Items listed in a dataset:
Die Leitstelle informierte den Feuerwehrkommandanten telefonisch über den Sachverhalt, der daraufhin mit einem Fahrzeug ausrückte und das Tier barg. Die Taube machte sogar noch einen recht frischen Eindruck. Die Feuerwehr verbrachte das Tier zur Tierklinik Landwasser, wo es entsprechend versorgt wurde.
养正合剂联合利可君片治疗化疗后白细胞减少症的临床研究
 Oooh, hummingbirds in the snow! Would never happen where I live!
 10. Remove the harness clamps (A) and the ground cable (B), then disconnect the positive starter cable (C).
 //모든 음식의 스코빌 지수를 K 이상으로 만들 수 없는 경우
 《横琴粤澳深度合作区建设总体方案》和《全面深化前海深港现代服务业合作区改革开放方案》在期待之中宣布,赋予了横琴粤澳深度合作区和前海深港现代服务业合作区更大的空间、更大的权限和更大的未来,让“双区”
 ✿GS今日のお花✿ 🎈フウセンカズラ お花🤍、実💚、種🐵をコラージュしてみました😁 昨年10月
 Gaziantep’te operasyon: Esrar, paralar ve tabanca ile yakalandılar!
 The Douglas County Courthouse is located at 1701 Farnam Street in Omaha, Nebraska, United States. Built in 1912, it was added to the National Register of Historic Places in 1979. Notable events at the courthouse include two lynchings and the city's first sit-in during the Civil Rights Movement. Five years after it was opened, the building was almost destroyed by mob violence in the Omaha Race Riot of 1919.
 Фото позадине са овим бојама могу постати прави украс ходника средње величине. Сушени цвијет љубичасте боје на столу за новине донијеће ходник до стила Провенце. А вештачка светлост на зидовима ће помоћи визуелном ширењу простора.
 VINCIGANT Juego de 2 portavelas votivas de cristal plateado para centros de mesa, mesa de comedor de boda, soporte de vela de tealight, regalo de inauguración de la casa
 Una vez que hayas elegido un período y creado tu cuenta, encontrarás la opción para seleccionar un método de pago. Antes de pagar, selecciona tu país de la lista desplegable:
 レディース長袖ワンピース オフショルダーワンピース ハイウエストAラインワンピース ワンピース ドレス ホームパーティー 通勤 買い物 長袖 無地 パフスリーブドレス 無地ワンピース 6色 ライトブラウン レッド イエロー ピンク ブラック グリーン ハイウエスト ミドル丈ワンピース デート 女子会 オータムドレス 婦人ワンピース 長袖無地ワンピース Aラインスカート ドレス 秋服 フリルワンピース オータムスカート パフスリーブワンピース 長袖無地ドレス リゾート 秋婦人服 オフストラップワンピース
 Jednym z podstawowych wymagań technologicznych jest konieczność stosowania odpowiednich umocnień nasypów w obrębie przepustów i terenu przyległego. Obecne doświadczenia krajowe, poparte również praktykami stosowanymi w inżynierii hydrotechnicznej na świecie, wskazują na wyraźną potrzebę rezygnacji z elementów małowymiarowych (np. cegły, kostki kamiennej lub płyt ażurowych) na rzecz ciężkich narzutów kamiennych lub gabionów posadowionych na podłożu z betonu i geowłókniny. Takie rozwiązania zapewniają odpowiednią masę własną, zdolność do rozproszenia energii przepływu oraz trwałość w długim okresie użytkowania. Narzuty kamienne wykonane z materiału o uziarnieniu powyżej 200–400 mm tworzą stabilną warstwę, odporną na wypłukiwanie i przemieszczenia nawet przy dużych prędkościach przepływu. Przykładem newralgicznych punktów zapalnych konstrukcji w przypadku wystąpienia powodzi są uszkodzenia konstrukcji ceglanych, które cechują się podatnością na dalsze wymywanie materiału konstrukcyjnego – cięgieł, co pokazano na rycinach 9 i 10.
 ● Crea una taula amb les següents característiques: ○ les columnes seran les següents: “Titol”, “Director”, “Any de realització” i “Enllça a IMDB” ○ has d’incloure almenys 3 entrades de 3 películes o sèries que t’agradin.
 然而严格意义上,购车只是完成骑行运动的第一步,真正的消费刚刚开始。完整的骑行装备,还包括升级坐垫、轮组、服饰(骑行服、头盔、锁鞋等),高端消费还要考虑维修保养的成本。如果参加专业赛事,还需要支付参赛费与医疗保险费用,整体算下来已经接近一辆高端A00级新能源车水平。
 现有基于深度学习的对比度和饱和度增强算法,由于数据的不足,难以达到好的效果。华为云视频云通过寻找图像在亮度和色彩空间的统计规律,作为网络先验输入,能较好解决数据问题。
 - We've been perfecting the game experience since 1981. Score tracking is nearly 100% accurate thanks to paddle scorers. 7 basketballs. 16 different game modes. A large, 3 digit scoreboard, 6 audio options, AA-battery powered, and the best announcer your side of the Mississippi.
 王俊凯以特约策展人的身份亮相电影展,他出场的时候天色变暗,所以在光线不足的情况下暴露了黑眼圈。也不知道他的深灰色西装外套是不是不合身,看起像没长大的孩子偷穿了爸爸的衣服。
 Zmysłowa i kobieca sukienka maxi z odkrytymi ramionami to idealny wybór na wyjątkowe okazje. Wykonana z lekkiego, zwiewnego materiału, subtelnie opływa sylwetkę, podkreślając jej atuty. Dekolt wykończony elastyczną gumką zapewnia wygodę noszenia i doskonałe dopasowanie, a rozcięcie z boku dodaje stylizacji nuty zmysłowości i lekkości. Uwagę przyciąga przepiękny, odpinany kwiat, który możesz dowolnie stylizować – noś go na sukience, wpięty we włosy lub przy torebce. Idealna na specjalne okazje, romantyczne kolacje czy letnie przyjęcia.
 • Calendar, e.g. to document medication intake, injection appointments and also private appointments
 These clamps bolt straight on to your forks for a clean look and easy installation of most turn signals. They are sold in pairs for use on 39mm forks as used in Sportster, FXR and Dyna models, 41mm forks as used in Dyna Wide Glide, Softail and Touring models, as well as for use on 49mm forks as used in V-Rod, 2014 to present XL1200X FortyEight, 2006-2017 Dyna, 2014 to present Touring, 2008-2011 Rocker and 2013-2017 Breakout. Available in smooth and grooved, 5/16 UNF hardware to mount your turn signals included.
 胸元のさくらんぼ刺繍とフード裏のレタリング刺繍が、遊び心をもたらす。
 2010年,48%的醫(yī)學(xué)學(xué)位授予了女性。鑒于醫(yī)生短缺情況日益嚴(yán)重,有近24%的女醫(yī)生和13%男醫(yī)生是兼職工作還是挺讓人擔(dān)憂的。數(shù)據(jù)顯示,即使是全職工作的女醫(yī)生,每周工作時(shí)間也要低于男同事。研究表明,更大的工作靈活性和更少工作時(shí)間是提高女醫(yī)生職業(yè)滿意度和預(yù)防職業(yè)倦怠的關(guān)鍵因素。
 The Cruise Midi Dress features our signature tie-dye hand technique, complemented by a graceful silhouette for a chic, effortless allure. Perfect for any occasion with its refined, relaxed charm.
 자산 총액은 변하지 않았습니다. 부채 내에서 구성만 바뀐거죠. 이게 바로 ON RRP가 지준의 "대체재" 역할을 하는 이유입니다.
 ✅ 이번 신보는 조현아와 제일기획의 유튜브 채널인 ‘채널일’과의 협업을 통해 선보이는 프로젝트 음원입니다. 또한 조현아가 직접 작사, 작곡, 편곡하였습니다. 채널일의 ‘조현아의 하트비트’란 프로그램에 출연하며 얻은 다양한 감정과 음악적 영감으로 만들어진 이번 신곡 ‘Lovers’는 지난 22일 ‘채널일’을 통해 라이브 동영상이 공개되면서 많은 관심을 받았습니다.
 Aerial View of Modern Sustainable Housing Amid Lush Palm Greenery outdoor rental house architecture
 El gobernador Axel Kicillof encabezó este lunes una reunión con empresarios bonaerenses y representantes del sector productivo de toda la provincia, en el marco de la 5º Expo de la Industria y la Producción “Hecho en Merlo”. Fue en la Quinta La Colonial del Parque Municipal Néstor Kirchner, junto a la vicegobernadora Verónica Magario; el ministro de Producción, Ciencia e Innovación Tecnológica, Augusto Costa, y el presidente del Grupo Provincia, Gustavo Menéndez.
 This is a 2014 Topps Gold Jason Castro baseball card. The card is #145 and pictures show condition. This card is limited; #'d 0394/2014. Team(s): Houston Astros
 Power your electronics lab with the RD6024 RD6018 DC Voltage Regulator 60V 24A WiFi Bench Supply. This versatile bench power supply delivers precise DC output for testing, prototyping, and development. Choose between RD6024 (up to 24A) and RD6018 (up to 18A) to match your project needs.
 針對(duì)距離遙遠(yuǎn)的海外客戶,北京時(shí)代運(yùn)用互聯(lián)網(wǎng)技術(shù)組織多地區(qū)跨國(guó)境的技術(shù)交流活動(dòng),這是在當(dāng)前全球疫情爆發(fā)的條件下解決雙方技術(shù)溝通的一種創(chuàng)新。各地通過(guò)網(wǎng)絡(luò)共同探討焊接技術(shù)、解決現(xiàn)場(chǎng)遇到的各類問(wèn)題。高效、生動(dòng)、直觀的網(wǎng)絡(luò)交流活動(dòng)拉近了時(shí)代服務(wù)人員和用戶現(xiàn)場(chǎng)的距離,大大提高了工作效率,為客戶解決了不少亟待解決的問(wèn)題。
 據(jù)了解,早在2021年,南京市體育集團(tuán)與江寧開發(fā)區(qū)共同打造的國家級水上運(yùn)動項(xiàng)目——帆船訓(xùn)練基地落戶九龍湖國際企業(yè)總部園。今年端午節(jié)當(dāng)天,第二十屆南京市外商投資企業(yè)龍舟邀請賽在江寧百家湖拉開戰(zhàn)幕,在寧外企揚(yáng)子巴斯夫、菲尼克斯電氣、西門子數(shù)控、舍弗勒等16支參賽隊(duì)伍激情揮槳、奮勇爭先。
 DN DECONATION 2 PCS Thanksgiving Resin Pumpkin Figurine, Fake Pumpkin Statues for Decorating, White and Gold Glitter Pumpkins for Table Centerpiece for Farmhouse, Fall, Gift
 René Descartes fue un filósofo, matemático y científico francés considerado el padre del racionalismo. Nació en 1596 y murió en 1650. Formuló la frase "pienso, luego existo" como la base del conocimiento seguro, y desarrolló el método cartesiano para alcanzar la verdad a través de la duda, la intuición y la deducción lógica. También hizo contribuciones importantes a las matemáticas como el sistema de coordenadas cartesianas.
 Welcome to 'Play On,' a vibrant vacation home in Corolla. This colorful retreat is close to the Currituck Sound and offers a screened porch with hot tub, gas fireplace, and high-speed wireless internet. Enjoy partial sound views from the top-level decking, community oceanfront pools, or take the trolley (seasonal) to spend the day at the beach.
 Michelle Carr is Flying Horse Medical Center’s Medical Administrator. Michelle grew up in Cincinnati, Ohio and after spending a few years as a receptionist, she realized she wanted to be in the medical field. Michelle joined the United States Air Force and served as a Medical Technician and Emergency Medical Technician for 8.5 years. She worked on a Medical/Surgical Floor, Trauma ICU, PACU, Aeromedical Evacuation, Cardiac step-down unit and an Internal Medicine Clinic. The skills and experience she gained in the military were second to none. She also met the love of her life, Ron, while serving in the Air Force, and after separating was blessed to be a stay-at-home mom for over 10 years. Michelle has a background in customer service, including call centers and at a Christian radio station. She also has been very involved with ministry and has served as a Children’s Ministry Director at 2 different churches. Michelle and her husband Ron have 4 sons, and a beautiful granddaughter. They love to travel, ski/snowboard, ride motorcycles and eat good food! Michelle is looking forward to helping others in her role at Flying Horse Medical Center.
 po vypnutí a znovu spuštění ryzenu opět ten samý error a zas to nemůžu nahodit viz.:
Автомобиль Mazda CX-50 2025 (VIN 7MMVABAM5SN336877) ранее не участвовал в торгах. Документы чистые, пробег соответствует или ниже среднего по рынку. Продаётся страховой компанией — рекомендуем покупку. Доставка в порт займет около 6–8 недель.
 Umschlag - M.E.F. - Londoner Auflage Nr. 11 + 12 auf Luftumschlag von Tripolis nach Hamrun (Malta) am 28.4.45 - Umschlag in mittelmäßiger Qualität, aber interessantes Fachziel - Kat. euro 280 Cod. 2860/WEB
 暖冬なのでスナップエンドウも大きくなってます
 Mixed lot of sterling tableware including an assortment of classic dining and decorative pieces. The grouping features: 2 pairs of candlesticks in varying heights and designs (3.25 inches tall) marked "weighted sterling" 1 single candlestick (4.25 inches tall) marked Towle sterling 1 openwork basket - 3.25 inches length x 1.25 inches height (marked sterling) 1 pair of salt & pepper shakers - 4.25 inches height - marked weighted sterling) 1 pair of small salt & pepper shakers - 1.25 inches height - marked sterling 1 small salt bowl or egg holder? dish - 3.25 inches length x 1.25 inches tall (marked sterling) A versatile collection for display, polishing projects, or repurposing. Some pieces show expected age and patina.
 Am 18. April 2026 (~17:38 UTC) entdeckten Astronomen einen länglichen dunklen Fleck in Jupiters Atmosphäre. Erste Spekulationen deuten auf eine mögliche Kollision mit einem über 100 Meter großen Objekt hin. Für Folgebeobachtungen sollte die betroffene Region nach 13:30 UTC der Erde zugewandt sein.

TASK DETAILS:
Up to and including the line with "The Douglas County", please return the records exactly, beginning from their first line.

TASK RESPONSE:
Die Leitstelle informierte den Feuerwehrkommandanten telefonisch über den Sachverhalt, der daraufhin mit einem Fahrzeug ausrückte und das Tier barg. Die Taube machte sogar noch einen recht frischen Eindruck. Die Feuerwehr verbrachte das Tier zur Tierklinik Landwasser, wo es entsprechend versorgt wurde.
养正合剂联合利可君片治疗化疗后白细胞减少症的临床研究
 Oooh, hummingbirds in the snow! Would never happen where I live!
 10. Remove the harness clamps (A) and the ground cable (B), then disconnect the positive starter cable (C).
 //모든 음식의 스코빌 지수를 K 이상으로 만들 수 없는 경우
 《横琴粤澳深度合作区建设总体方案》和《全面深化前海深港现代服务业合作区改革开放方案》在期待之中宣布,赋予了横琴粤澳深度合作区和前海深港现代服务业合作区更大的空间、更大的权限和更大的未来,让“双区”
 ✿GS今日のお花✿ 🎈フウセンカズラ お花🤍、実💚、種🐵をコラージュしてみました😁 昨年10月
 Gaziantep’te operasyon: Esrar, paralar ve tabanca ile yakalandılar!
 The Douglas County Courthouse is located at 1701 Farnam Street in Omaha, Nebraska, United States. Built in 1912, it was added to the National Register of Historic Places in 1979. Notable events at the courthouse include two lynchings and the city's first sit-in during the Civil Rights Movement. Five years after it was opened, the building was almost destroyed by mob violence in the Omaha Race Riot of 1919.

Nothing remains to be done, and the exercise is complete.